# 10/12 Roof Pitch



## jonathan03 (Dec 30, 2008)

Is a 10/12 Roof pitch walkable? I want to put on shingles in a small area of the roof but I'm wondering if I can just support myself by sitting down or if I need a ladder resting against a 2x4 nailed to the roof. What is generally the best way to be supported on a roof like this? I'm comfortable laying shingles, just not sure if this pitch is too steep to walk on or other means. Is a cherry picker needed?


----------



## oberkc (Dec 3, 2009)

Barely. Mine is 10/12. I can walk in valleys and on peaks, but do not dare attempting to walk on other areas for fear of sliding off.

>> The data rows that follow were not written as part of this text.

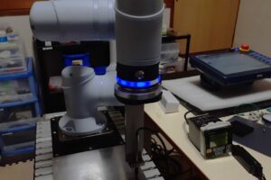 - 協働ロボットのエンドエフェクタにデジタルゲージを取り付け。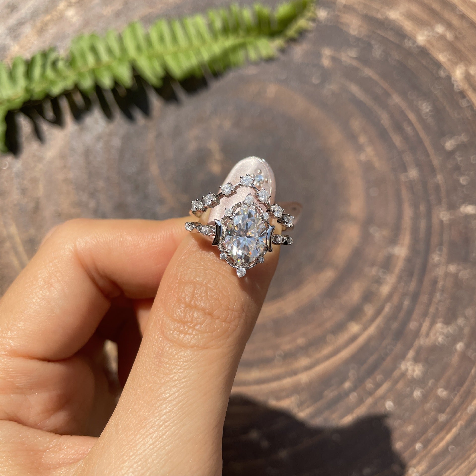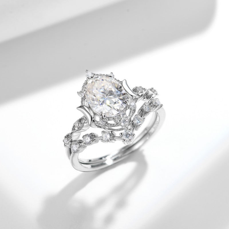 Elevate your style with the star moon series 7 * 9mm 2 carat oval-shaped moissanite stacked wearing ring, crafted from high-quality S925 silver-plated with 18k Platinum. This stunning engagement ring set is designed for those who appreciate elegance and versatility.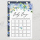 Bingo! Adicione este divertido jogo de bingo de chá de bebê ao seu evento. Ele apresenta uma guirlanda floral em aquarela de rosas azuis e hortênsias, rosas bege e folhagens. Personalize adicionando seus detalhes. Este cartão de jogo de bingo de chá de bebê floral é perfeito para chás de bebê de primavera e inverno. Itens correspondentes estão disponíveis.
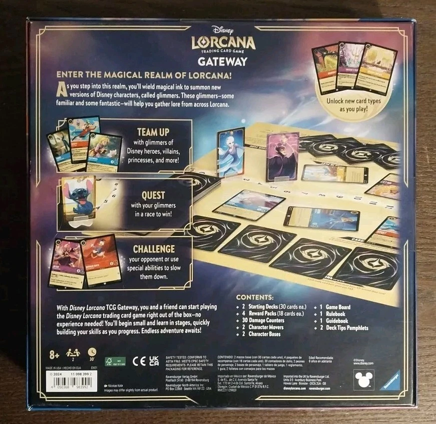 The Disney Lorcana TCG Shimmering Skies Set 5 - Gateway is a promotional box set released in 2024 by Ravensburger. This set includes 48 standard-sized cards featuring characters such as Elsa, Maleficent, Stitch, and Mickey Mouse. The cards are made of card stock, paper, and plastic, and are suitable for ages 8 and up. The set is part of the Disney Lorcana trading card game and includes a starter deck for players to begin their gameplay.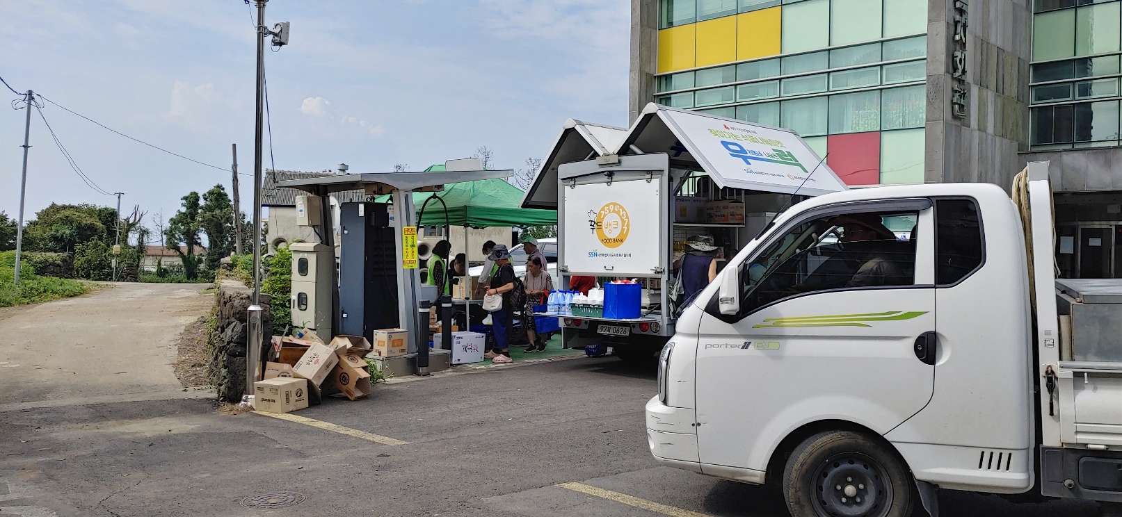 직접 찾아가 이동형 편의점 형태의 차량(1t트럭 개조)을 통해 기부식품을 제공하였습니다.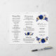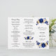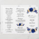 Elegante programa de casamento do tema ouro azul real com buquê elegante de azul real, Marinho, ouro, botões de flores de rosa amarelo e folhas de eucalipto. Entre em contato comigo para obter ajuda sobre a personalização ou se você precisar de outro produto com este design.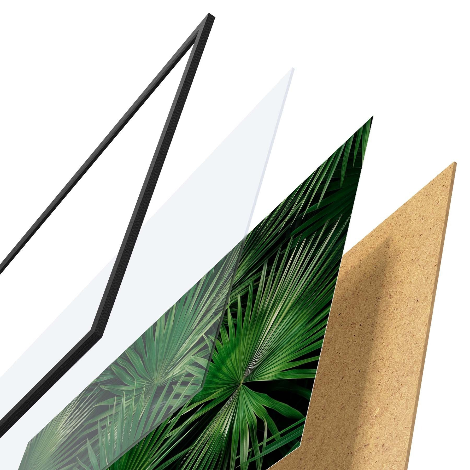 Plakat składa się z ramy, pleksi, wydrukowanego obrazu i podkładu z płyty wiórowej. Plakat można natychmiast zawiesić na ścianie dzięki uchwytom z tyłu.

I would not attempt to install a roof without additional support. I believe the common way of dealing with this is roof jacks.


----------



## jlhaslip (Dec 31, 2009)

roof jacks, planks, and a fall protection/positioning harness/rope system.


----------



## KyleB (Mar 30, 2010)

10/12 is pushing it. I wouldn't attempt to roof that without roof jacks and a harness. 

Was a roofer for 6 years


----------



## AaronB (Jan 29, 2005)

Too steep to safely walk. Def use some form of fall protection and support while working.


----------



## tpolk (Nov 7, 2009)

if you are going to fall wear proper rope and harness with deceleration attatchment


----------